In October the chart compilers said they recorded
the worst ever sales for a song reaching number one -- just
over 23,000 -- compared to sales of hundreds of thousands
in the 1980s and 90s.
Inspired Broadcast Networks will open two music
kiosks in Waterloo and King's Cross stations next month and
plan to have up to 20,000 others in high-street shops, service
stations and pubs by the end of 2005.
Between 200-250,000 singles are bought via
music download services every week, rapidly approaching physical
sales that regularly drop below 400,000, the Official UK
Charts Company said.
In response, the Charts Company started to
produce its own download chart to reflect the growth in the
market and is now planning to merge the two.
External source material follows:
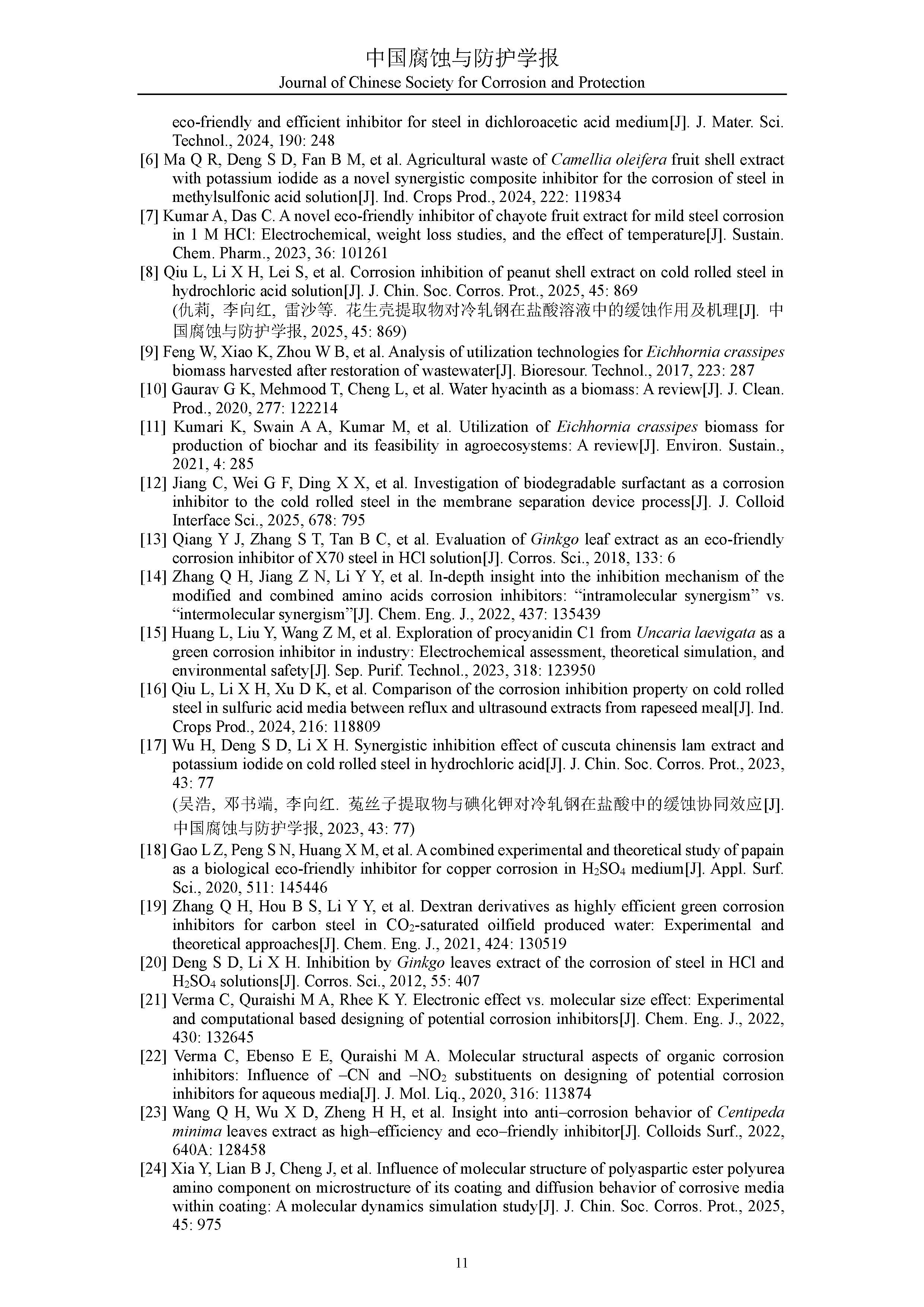 凤眼莲提取物对钢在Cl2CCOOH的抑制特性评估
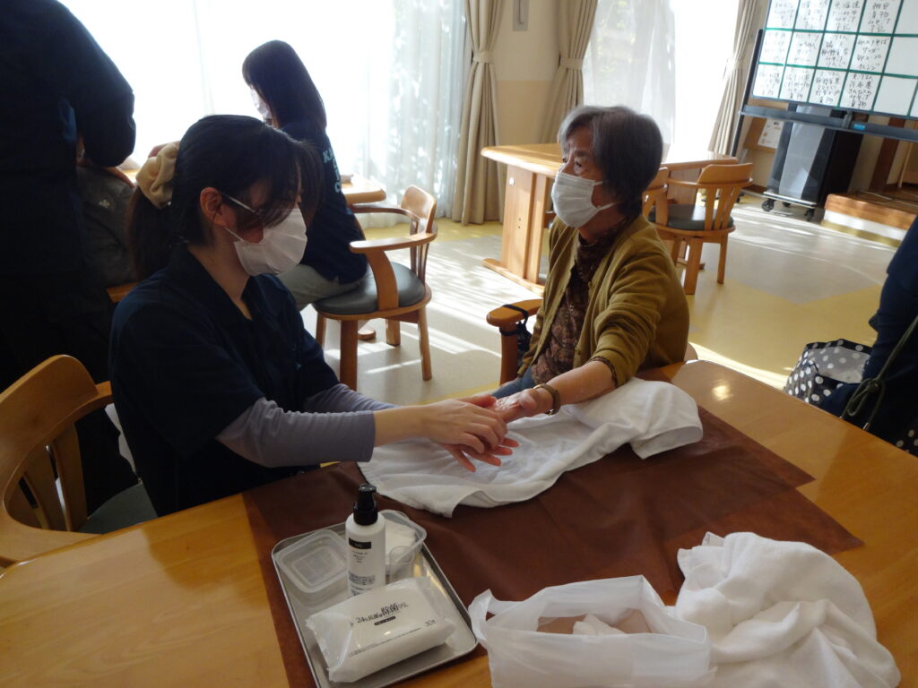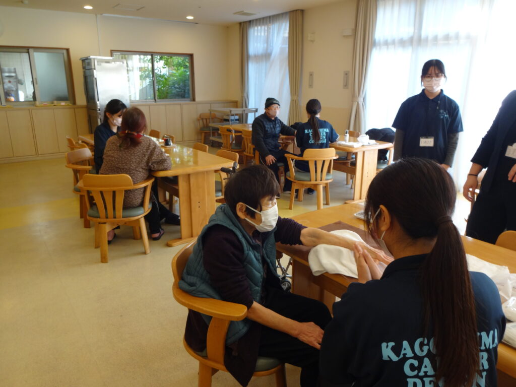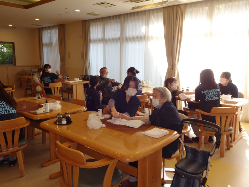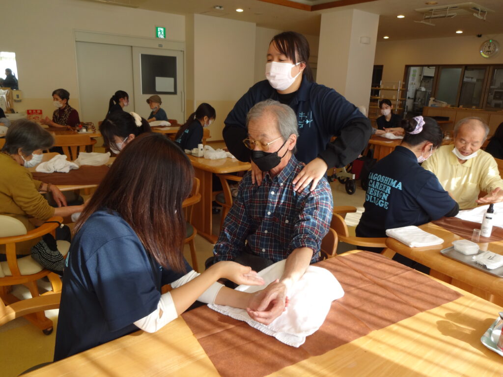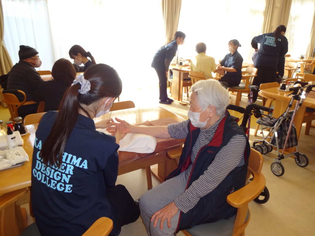 2025/12/18 R7.12.17、鹿児島キャリアデザイン専門学校の生徒(医療福祉秘書科2年生)さんがハンドマッサージに来てくださいました。 入居者の皆さん、ハンドマッサージ後は笑顔で帰られ喜ばれていました。また来てほしいとの声も聞かれていました。ありがとうございました、是非、また来てください!!お待ちしております!!

The piracy-hit music industry is also desperate
to promote legal digital music services to convert file-sharers
into customers.
In the states, music retailers Virgin Records,
Best Buy and Walmart have expressed interest in this technology
and are reportedly interested in installing download kiosks
in their stores by mid-2005. Select Virgin Record stores
have been testing their own version of this concept for about
a year.
In our current two-year radio attrition study,
Bridge Ratings has been trending audience erosion to digital
forms of audio entertainment (See "Where Did My Listeners
Go, Part 2"). During our interviews of the 1200 participants,
questions were asked related to mobil digital downloading.
Primarily, the 12-24 year old age group shows significant
interest in this technology with over 68% users of digital
music players telling us that if they were able to download
music while visiting their favorite music or retail store,
they would likely pay for this service.